Il est donc important de penser à l'évolution des compétences pour les collaborateurs. « Le problème c'est qu'il est difficile de faire adopter des nouvelles technologies ou de l'innovation lorsque des méthodes de travail sont ancrées dans l'entreprise. Pour instaurer ce changement, il faut des collaborateurs qui ont, nécessairement, une compétence financière pointue, il n'est pas possible de transiger sur l'expertise du chiffre dans la Daf. Mais il faut que ces salariés deviennent aussi maîtres de la data, des nouveaux systèmes d'information avec la capacité à réunir ces deux mondes.

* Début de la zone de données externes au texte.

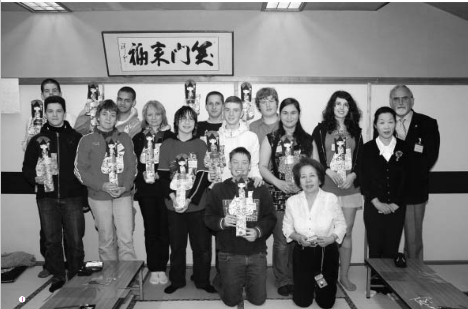
1 ベルリン友好交流訪問団来町 和紙人形作りを体験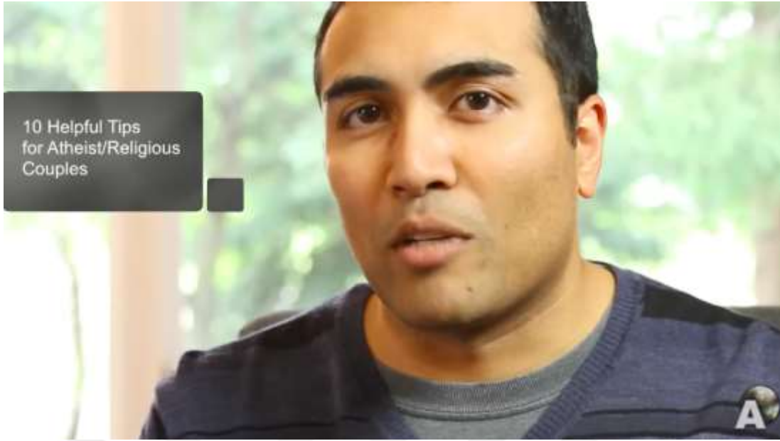
Şekil 10. The Atheist Voice Kanalı – “9 Problems in Atheist / Religious Relationships” Videosu ( https://www.YouTube.com/watch?v=GN52GroqQC4 )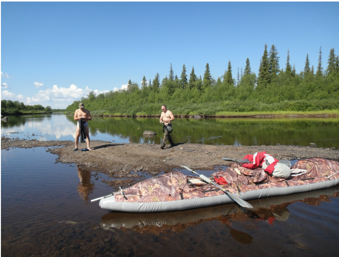
Фото 1. Стапель на Курге.

Казанка перевезла через Ловозеро и зашла в устье Курги. Здесь пришлось часто соскакивать и идти рядом по мелководью. По Курге понеслись с ветерком и доехали до двух островов. Дальше ехать было невозможно — путь преградил «порог», как назвал его хозяин казанки. Всего от села проехали 18 км за пару часов.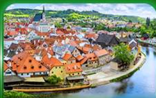
เมืองมรดกโลก เซสท์ครุมลอฟ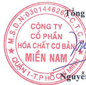
Nguyễn Hữu Thọ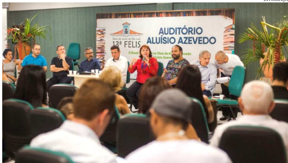
EVENTOS E ATIVIDADES SIMULTÂNEAS ATRAEM PÚBLICO PARA FEIRA DO LIVRO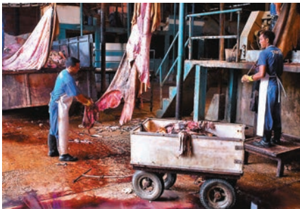
亞馬遜大火被指和養殖牛隻有關。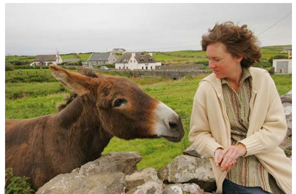
VERSTÄNDNIS OHNE WORTE

gebaut und drei Bäume gepflanzt, sowie diese Zeilen geschrieben.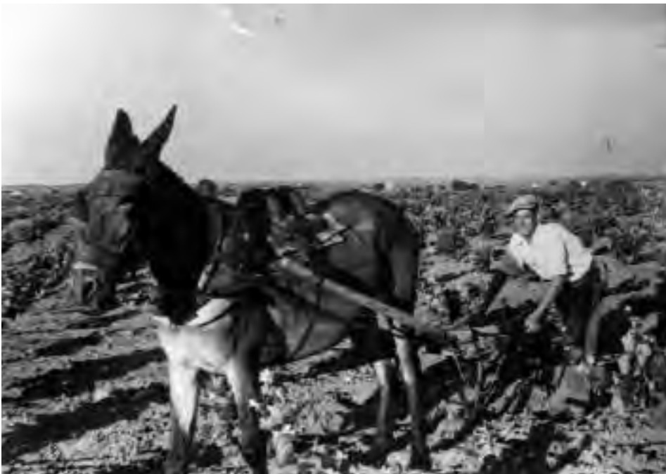
Arado con vertedera. Se utilizó hasta que se introdujo la maquinaria en las faenas del campo.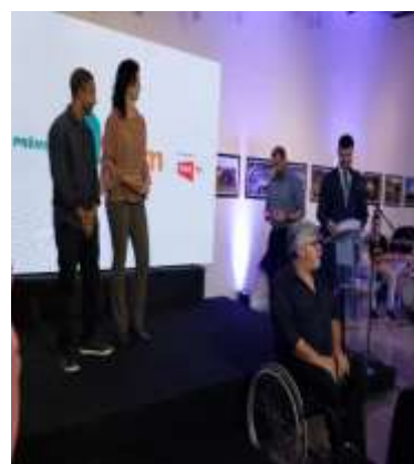
CEPE vencedor do Prêmio “Joinville Faz Bem” NSCTV. (Categoria Esporte)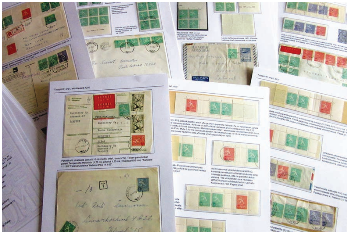
Käyttösarjan 1963 keräily kapea-alaistui entisestään ja mielenkiintoni kohdistui pelkästään 10 pennin vihreään leijonamerkkiin. Siinä oli kuitenkin koko käyttösarja tyyppineen ja papereineen kompaktissa paketissa.

vihkonomaiseen Koko Maailma -postimerkkikansioon. Postituoreita ei tarvinnut liimata, nuolaisu riitti. Muistini mukaan ainakin romanialaisissa merkeissä oli hyvin pahanmakuinen liima.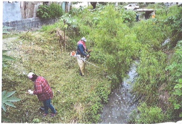
LIBERAN Trabajadores municipales limpiaron los arroyos ue cruzan por Villas de Oriente, Los Reyes, Monteverde, Villas de la Hacienda y Santa Mónica, para evitar inundaciones.

A la par tambien se brinda mantenimiento a camellones y limpieza en calles y avenidas con el retiro de algunos objetos que puedan obstruir y entorpecer el flujo vehicular. La Administración Municipal 2018-2021 continúa trabajando en el tema de los servicios públicos y pide a la comunidad juarense colabore cuidando los espacios públicos y no tirando basura a las corrientes de agua.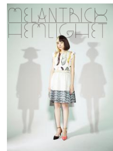
メランリックヘムラ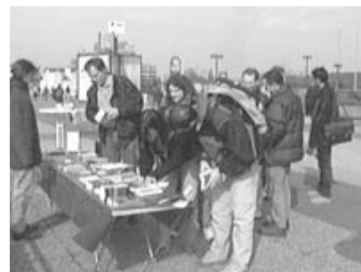
Auf dem Campus der Uni Bochum

meisten Menschen in diesem Alter. Sollten sie sich darüber hinaus entscheiden, in die Gemeindegründungsarbeit mit voller Energie einsteigen zu wollen, so können sie dies tun, ohne durch größere Bindungen gehindert zu sein. Eine weitere großartige Möglichkeit einer Arbeit unter Studenten besteht darin, Menschen aus vom Evangelium nahezu unerreichten Ländern wie z.B. Saudi Arabien, Afghanistan, China, Iran, Nord-Korea oder Vietnam zu Jesus zu führen. In diesen Ländern ist missionarisches Arbeiten auf Grund von staatlichen Verfolgungen nur unter schwersten Bedingungen möglich. An den Universitäten haben wir die Möglichkeit, diese Nationalitäten mit dem Evangelium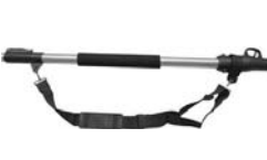
5. Installare la cinghia.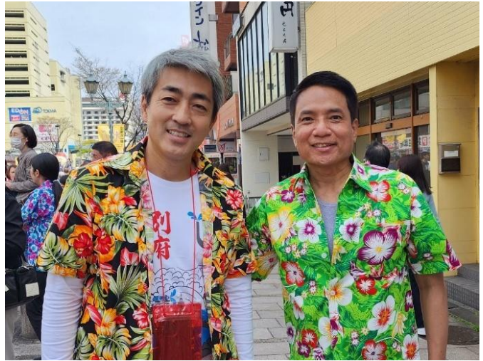
กงสุลใหญ่ฯ และผู้อำนวยการ ททท. สำนักงานฟูกูโอกะ ร่วมเดินพาเหรดในนามทีมประเทศไทย ในเทศกาล Beppu Hatto Onsen Matsuri

La compétence data au sein des équipes finance est essentielle pour réussir ces projets et apporter de la valeur, » complète Xavier Gardiès.

Des risques minimes

Avec la mise en place de toutes ses solutions digitales, se pose forcément la question de la sécurité de ces outils et des risques cyber qui en découlent. Cette problématique est pourtant loin d'être la principale préoccupation pour Xavier Gardiès. « Il faut bien évidemment mettre en place des solutions sécurisées, faire un audit des vulnérabilités et un plan de remédiation pour couvrir vos risques cyber que ce soit sur vos infrastructures ou les vulnérabilités des applications vis-à-vis de l'extérieur de vos systèmes. Mais le principal risque cyber aujourd'hui est le risque humain : c'est le phishing, la fraude au virement etc. Aujourd'hui, le meilleur moyen de se prémunir contre la cybersécurité est de former les employés et de les sensibiliser aux différents risques. »

Victime d'une cyberattaque massive en 2021 avec le groupe Fabre, Eric Gouy met, lui aussi, l'accent sur la prévention. « Le sujet le plus important est de savoir quoi faire lorsque l'on est attaqué et qu'ils ont réussir à rentrer dans nos systèmes et comment remédier à cette situation. Bien souvent, si les entreprises ne s'en remettent pas, c'est qu'elles n'avaient pas de plan de sauvegarde de l'entreprise. »

Une des solutions toute trouvée est de passer un maximum de données dans le Cloud. « Un des bénéfices du Cloud est d'être capable de dupliquer la donnée sur plusieurs sites. Lorsque la donnée va être attaquée sur un site en particulier, une redondance va exister ailleurs et on perdra que peu de temps de transaction sur son système, » développe Christophe Adam. Ce que confirme Eric Gouy : « tout ce qui n'a pas été touché durant cette attaque est tout ce qui était sur le Cloud, » conclut le CFO de Pierre Fabre.